Post by DumbJaques »

Please avoid using some absurdly simple binary at the end of a question like a geography TU that ends with both teams going "huh" until they hear the last word- the capitol, and a mad buzzer race ensues. If they can't figure out the country based on very obvious location clues, then don't reward them for simple memorization. Find a more creative way to end the question instead.
I disagree pretty strongly with this. Never mind the subjective definition of "obvious" here (which is "obvious to the presumed geography enthusiast who has just spent 30 minutes reading about the answer"), you're basically saying that "if people can't get it from these geography clues I judge to be easy, than they don't deserve to get it from an easier geography clue." That's what giveaways are for, man!
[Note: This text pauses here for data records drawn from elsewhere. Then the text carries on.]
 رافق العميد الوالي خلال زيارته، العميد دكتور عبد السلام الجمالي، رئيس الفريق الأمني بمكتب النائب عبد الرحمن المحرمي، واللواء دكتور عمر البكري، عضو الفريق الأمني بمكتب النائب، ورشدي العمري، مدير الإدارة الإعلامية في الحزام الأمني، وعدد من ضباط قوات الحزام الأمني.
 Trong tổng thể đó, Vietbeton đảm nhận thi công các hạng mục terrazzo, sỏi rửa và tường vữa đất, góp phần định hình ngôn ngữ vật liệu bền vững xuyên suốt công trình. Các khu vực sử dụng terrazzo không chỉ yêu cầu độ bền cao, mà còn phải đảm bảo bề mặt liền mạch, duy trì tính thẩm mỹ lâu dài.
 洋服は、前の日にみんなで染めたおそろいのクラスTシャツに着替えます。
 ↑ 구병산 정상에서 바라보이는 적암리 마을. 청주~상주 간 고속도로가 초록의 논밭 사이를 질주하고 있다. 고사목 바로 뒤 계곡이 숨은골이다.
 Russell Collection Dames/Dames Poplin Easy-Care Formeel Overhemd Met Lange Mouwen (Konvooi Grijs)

A capital happens to be the logical giveaway clue for almost all country tossups, but it's not because people memorize lists, it's because it's usually the most basic geography fact about a given country. Why would you hold back that piece of information - if you're talking about two other cities in Botswana or some shit, I sure hope you wouldn't neglect to mention the one city in the country people might marginally have a chance of knowing just because you don't want to reward simple memorization.
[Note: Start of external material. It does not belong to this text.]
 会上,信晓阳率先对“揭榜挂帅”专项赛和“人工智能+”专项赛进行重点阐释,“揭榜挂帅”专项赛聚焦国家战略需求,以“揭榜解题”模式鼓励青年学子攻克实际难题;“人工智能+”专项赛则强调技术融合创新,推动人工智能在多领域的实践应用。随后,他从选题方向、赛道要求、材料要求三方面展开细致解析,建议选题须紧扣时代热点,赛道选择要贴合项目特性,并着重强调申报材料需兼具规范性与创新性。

I mean, think of the implications of what you're saying here - this is like saying that you shouldn't give (to use a previous example) Fitzgerald at the end of a tossup on The Great Gatsby. This is contrary to the entire concept of the giveaway. The one valid argument I see here is that it sucks when geography tossups come down to who can buzz in first as the capital is spit out by the moderator at the end of the question. But the solution to this problem is for people to stop writing such shitty geography tossups - we'd never be having a discussion over whether saying Fitzgerald at the end would cause 90% of rooms to buzzerrace at the end or whatever. Stop writing tossups on countries that nobody knows balls about - I'm sorry people, but some countries have just not done much with themselves and do not need to be immortalized in your 18 line tossups (9 lines on rural airports!). Stop putting in boring clues about provinces and random towns/rock groupings in Africa that nobody will ever convert. If you've written a geography tossup on a country, and you're concerned that it won't be answered before the last word in upwards of 50% of the rooms, reevaluate the life choices that have led you to know the name of the commuter train serving western Suriname. This stuff is certainly aggravating, but I don't think it's at all a result of the giveaway issues Mike raises in this thread.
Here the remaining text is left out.